**Exercise goal**
The data below is to be written out exactly, with no pictures.

**Given material**

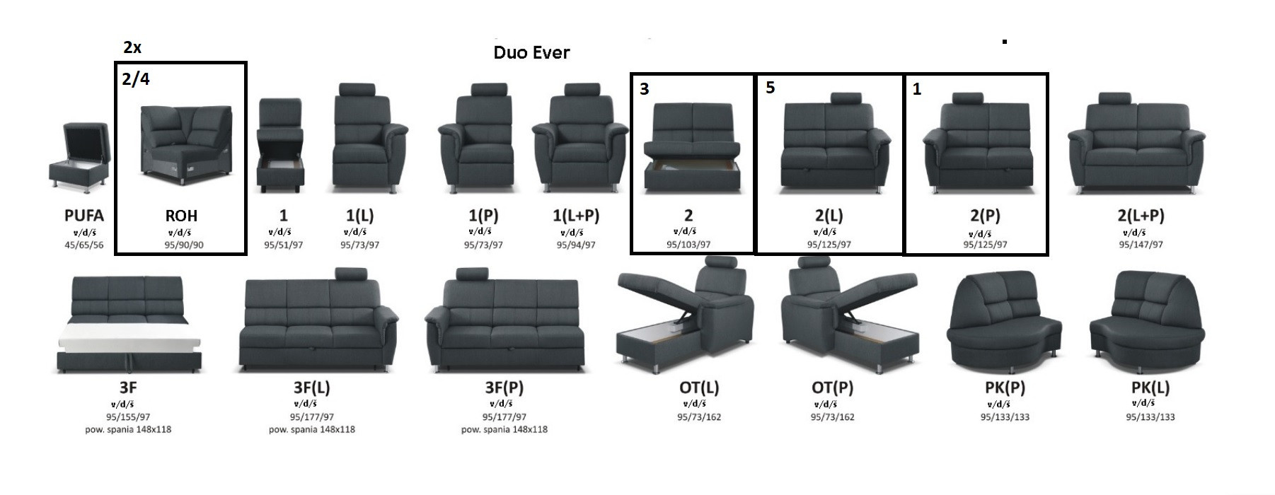 DUO EVER - rohová sedací souprava 2P - R - 2 - R - 2L
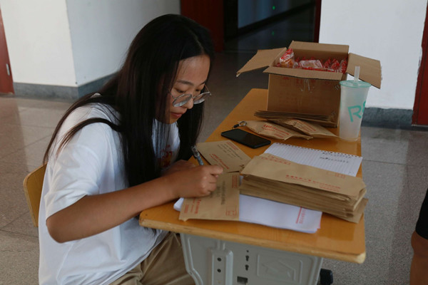 这次写家书活动一共安排了8名值班人员在9月13日至15日轮流进行摆点宣传,信件将于16日统一寄出。信息与计算科学专业2017(1)班的李云飞也是其中的一员,他表示:“有些学生比较腼腆,让他们面对面地和家人们说出自己的心里话可能有些困难,写信这种方式正好解决了这个问题。”
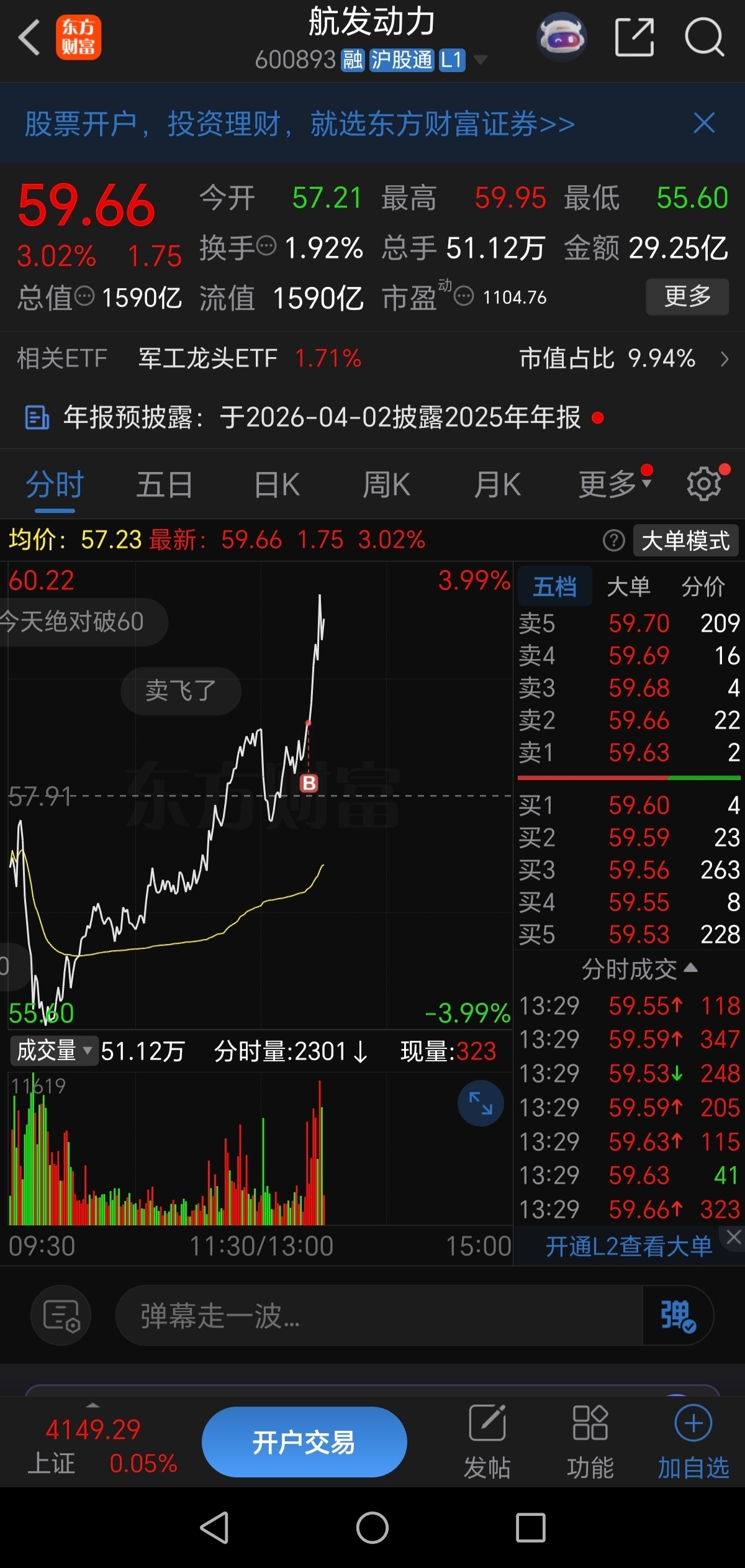 58.62,果断入手$航发动力(SH600893)$

**Worked solution**
 DUO EVER - rohová sedací souprava 2P - R - 2 - R - 2L
 这次写家书活动一共安排了8名值班人员在9月13日至15日轮流进行摆点宣传,信件将于16日统一寄出。信息与计算科学专业2017(1)班的李云飞也是其中的一员,他表示:“有些学生比较腼腆,让他们面对面地和家人们说出自己的心里话可能有些困难,写信这种方式正好解决了这个问题。”
 58.62,果断入手$航发动力(SH600893)$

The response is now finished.